Authors:
Gerhard I, Monga B, Krahe J, Runnebaum B.

Title:
Chlorinated Hydrocarbons in Infertile Women

Journal:
Environmental Research Section A. 80:299-310, 1999.

Summary:
There is some evidence to suggest that exposure to chlorinated hydrocarbons (CHC) can have detrimental effects on fertility. Many chemicals labeled as chlorinated hydrocarbons share a number of important properties. In particular, they are generally fairly toxic, they are persistent in the environment, and they are bioaccumulated. Many of these compounds are estrogenic and disrupt progestational events, and/or partial or weak estrogen antagonists, and thus disrupt estrogen-dependent events. The present study was conducted to investigate peripheral blood PCP (pentachlorophenol), PCB (polychlorinated biphenyls), DDT and DDT-metabolites, HCH (hexachlorocyclohexane), and HCB (hexachlorobenzene) levels in 489 infertile women living in Germany in order to evaluate possible associations between environmental toxicant exposure and fertility.

Ninety percent of the subjects were German, and the foreigners were mainly Turkish. Multivariate regression analysis was used to correlate CHC concentrations to specific reproductive variables (i.e. endometriosis, uterine fibroids, miscarriage, primary infertility) and general factors (age, body mass index (BMI), nationality and smoking). At least one CHC level was elevated in 47% of the subjects, two in 30%, three in 10%, four in 5%, and five in 0.5% subjects, which were considered 'contaminated'. The concentrations of ß- and total HCH, DDT, HCB, and PCB increased significantly with increasing age as expected, however, CHC levels were not significantly correlated with occupation, smoking, or alcohol intake. Bioaccumulation of pollutants with increasing age is one factor suggested to increase risk of miscarriage and reduce pregnancy rate. Significantly greater levels of DDT, ß-HCH, and total HCH were measured in foreign women, whereas German women had significantly higher concentrations of HCB and PCB. ß-HCH was positively correlated to body weight with PCB levels highest in women with a low BMI. High HCH levels were observed in women with a history of previous miscarriages, positive thyroid or antinuclear antibodies, and uterine fibroids.
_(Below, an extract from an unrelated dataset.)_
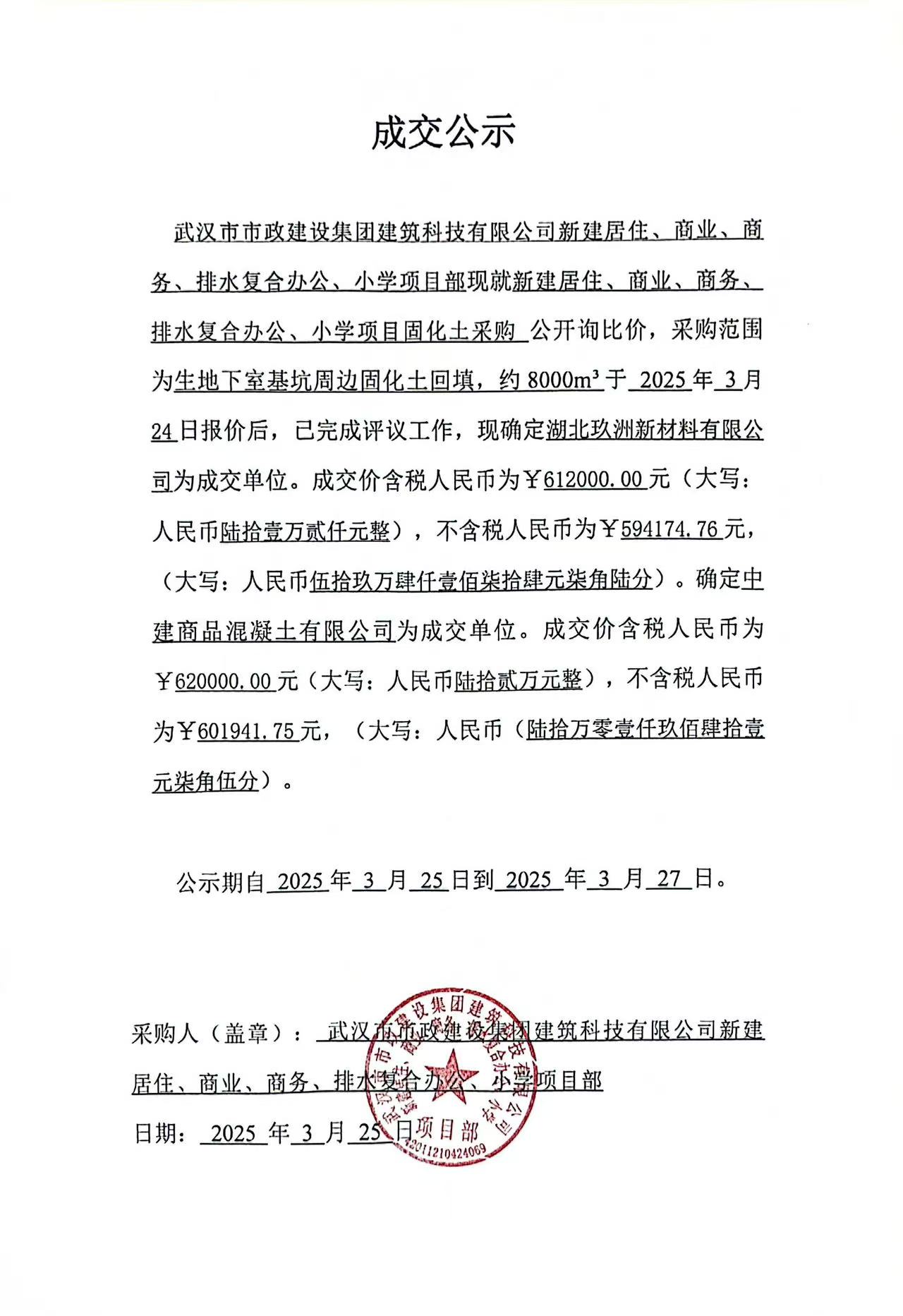武漢市市政建設(shè)集團建筑科技有限公司新建居住、商業(yè)、商務(wù)、排水復合辦公、小學項目固化土采購成交公示

PCP concentrations were significantly elevated in women with a higher rate of miscarriage, positive antinuclear antibodies or alopecia. The association between high PCP levels and increased risk of miscarriage has also been confirmed in a related study in women exposed to wood preservatives (PCP source) compared to age-matched controls. PCB concentrations were significantly greater in women with endometriosis, positive auto- and thyroid antibodies. The immunotoxicity of PCB may contribute to the immunopathy of endometriosis. Elevated DDT concentrations were detected in women with presumed immunological infertility and lower conception rates. Finally, HCB levels were significantly higher in women with hyperprolactinemia and significantly lower in women with hyperandrogenemia.
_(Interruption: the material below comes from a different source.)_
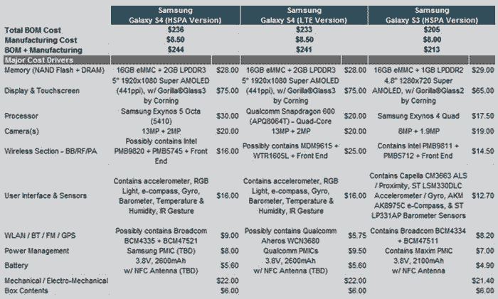 以上的分析是針對(duì)Galaxy S4支持HSPA版本的分析,至于支持LTE版本的Galaxy S4由于系采用高通APQ8064T應(yīng)用處理器,成本也比HSPA版本便宜3美元。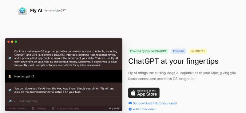 Fly AI is a fast and lightweight native Mac app, ensuring instant access without the need for a web browser.

Animal studies (rats, dogs, seals, monkeys) have demonstrated that CHC exposure causes adverse reproductive and developmental effects. In this study, the authors attempted to measure a wide range of CHC compounds examining a large number of reproductive and developmental endpoints. The authors first examined each reproductive endpoint and its association with CHC concentration independently. Although this form of analysis did reveal that PCP concentrations were elevated in women under certain conditions, this analysis does not take into account confounding variables such as age, nationality, smoking, body mass index. Using a more complicated test, multivariate regression, there did not appear to be an association between CHC concentration and reproductive endpoints (endometriosis, uterine fibroids, miscarriage etc.) when other variables were taken into account. The results of the cross-sectional analysis suggest that long-term exposure to low levels of CHCs may adversely affect human reproduction.
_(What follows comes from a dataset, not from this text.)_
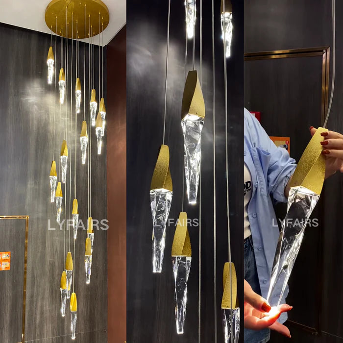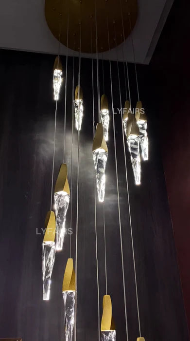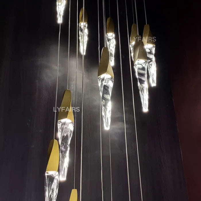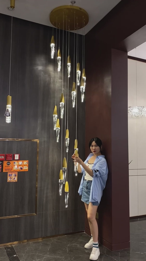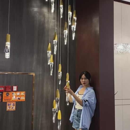 Modern Floating Spiral Crystal Chandelier for High-ceiling

Interpretation of the importance of elevated levels of CHC compounds in this population is extremely difficult for several reasons. First, no control population was used. It is possible that serum levels of CHC compounds are also elevated in fertile women. Second, the sample size in many of the diagnostic categories is extremely low (endometriosis n=28; uterine fibroids n=17) and some women were diagnosed with a combination of reproductive disorders. Third, the authors attempt to associate nationality with increased CHC levels, however, this study is poorly designed to examine this question. No attempt was made to match Germans and 'foreigners' on the basis of chemical exposure due to occupation, diet, agriculture and other factors. Again, as 90% of the study population was German the sample size of the 'foreign' population was too small for comparison. While the findings of elevated CHC levels in infertile women are interesting, it is unclear how these compounds might contribute to the etiology of infertility. Several different reproductive disorders were examined, some of which are hormonally dependent, whereas others have no clear etiology. The authors did not attempt to propose a mechanism(s) of action for these compounds with respect to infertility. Future controlled or cohort studies are necessary to investigate the possible association between environmental CHC exposure and the development of human reproductive disorders. It would be advisable to limit the scope of such studies to defined biological endpoints (ie. endometriosis) rather than general infertility (ie. primary infertility, hormonal disorders).